Lab-Made? SARS-CoV-2 Genealogy Through the Lens of Gain-of-Function Research
If you hear anyone claim “we know the virus didn’t come from a lab”, don’t buy it — it may well have. Labs around the globe have been creating synthetic viruses like CoV2 for years. And no, its genome would not necessarily contain hallmarks of human manipulation: modern genetic engineering tools permit cutting and pasting genomic fragments without leaving a trace. It can be done quickly, too: it took a Swiss team less than a month to create a synthetic clone of CoV2.

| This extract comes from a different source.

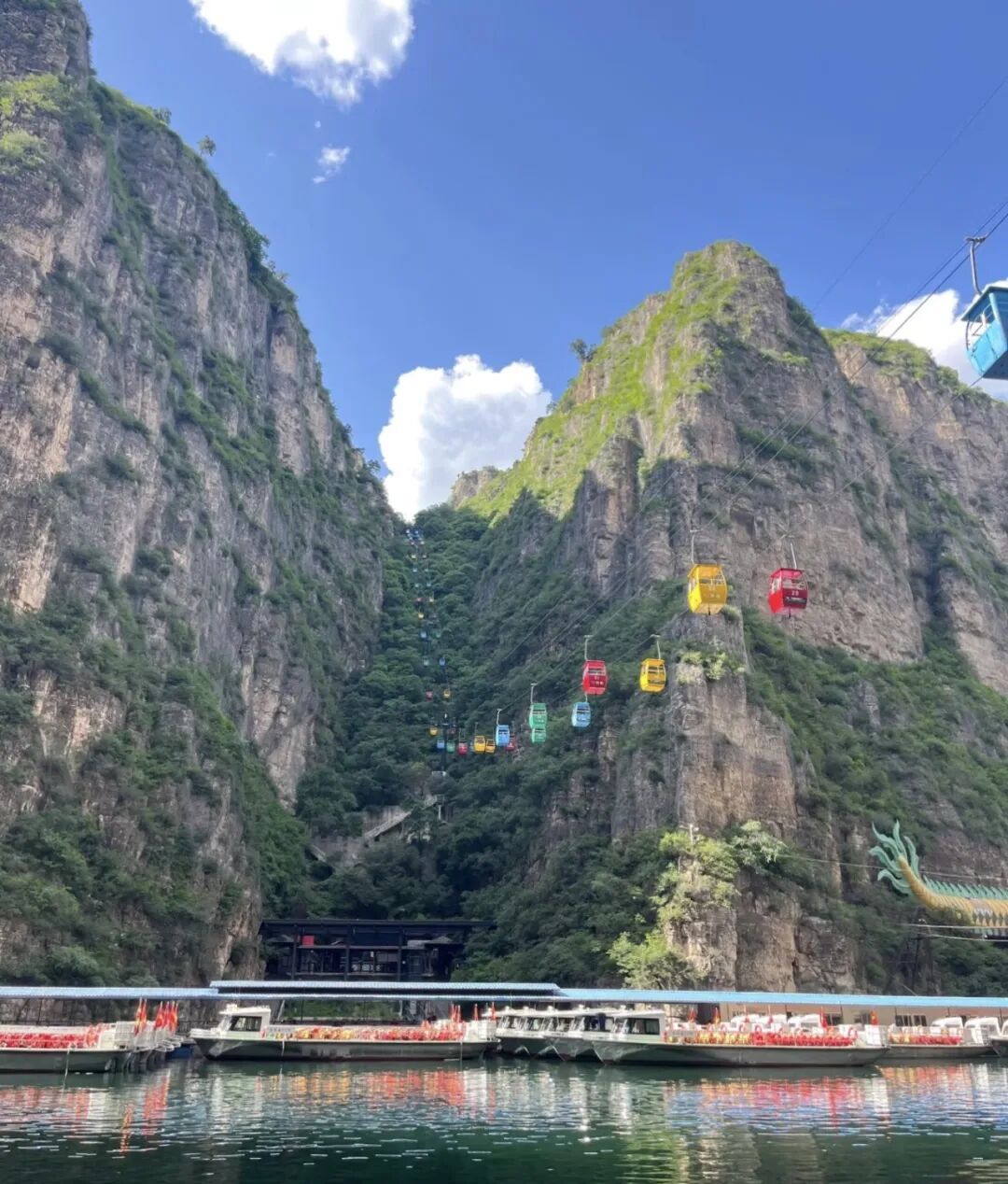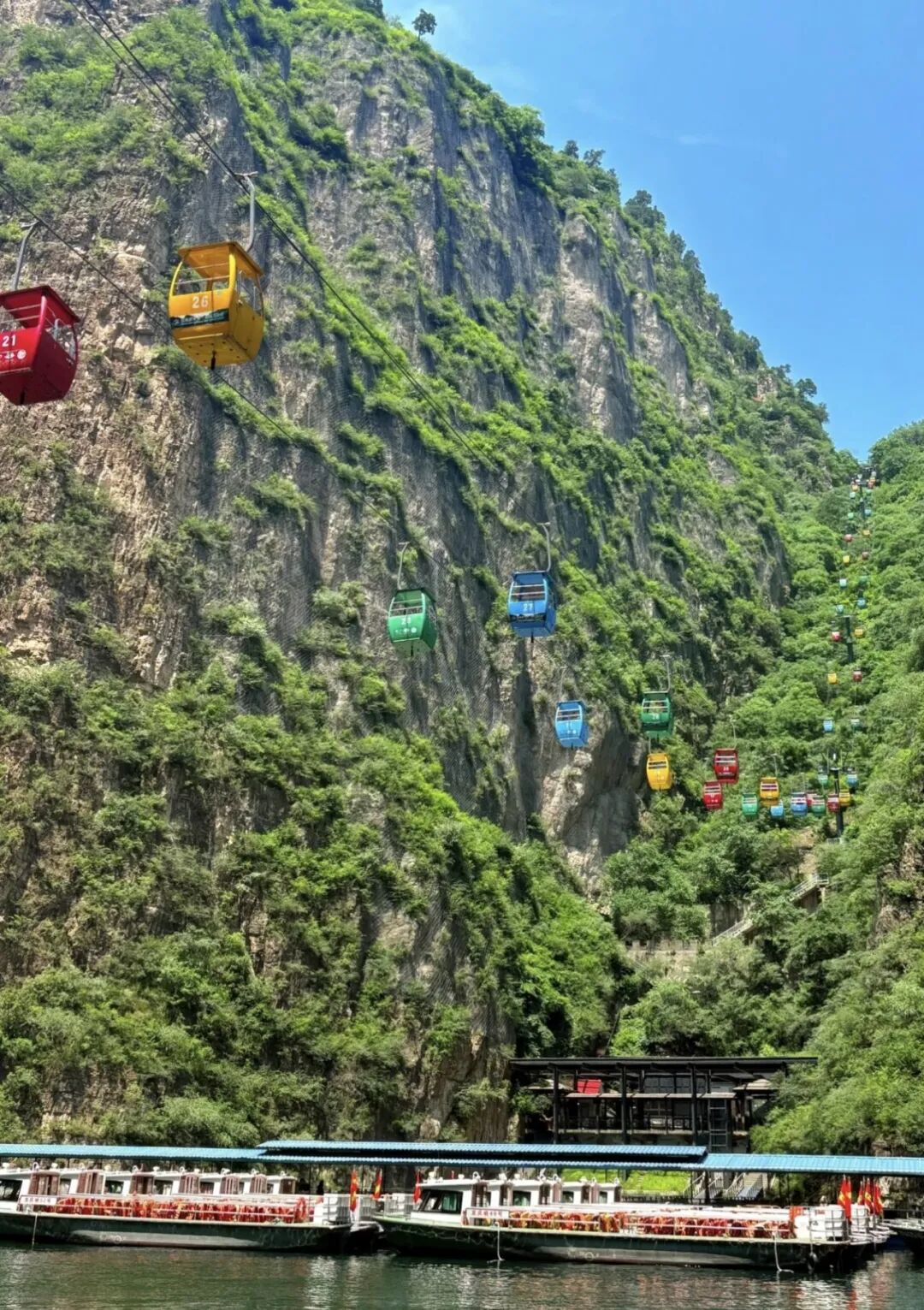 -上午到达【龙庆峡】游览。在已开放游览的7公里长的库区,共有近30余处景观。两边的崖岸之上,有镇山如来、石熊跳岩、九连洞、鸡冠山、金刚山、马蹄潭、将军岩、金刚寺遗址等奇峰怪石,堪称“塞外一绝”。游船驶抵“九曲湖”的一座小码头,可以弃舟登岸,沿山谷步行而上,有神仙院、仙人棋、老虎嘴等景点。然后乘龙梯上到大坝顶,坐船游览龙庆峡,从金刚寺码头下船,游览金刚寺景区,然后从月亮湾码来头上船,回到百花洞口,坐缆车上神仙苑,坐缆车下山到百花洞口,出龙庆峡。你要是不想坐缆车,就在坐玩龙梯后,乘船之前从楼梯徒步登山到神仙苑景区,然后原路下山,再坐船玩龙庆峡,以后的游源览顺序,参照以上。

How I Learned to Start Worrying
Oh, come on. Lab-made? Nonsense! Back in January, that was my knee-jerk reaction when ideas that Covid-19 is caused by a laboratory leak had just surfaced. Bioweapon? Well, that is just Flat Earth crazies territory. Thus, whenever I kept hearing anything about non-natural origins of SARS-CoV-2, I brushed it aside under similar sentiments. So what if there is a virology institute in Wuhan? Who knows how many of those are sprinkled throughout China.
At some point, it became necessary to brush such theories aside in a substantiated manner, as their proponents began to back up their theses about the possible artificial nature of the virus with arguments from molecular biology, and when engaging them in debate, I wanted to smash their conspiracy theories with cold, hard scientific facts. Just like that Nature paper (or so I thought).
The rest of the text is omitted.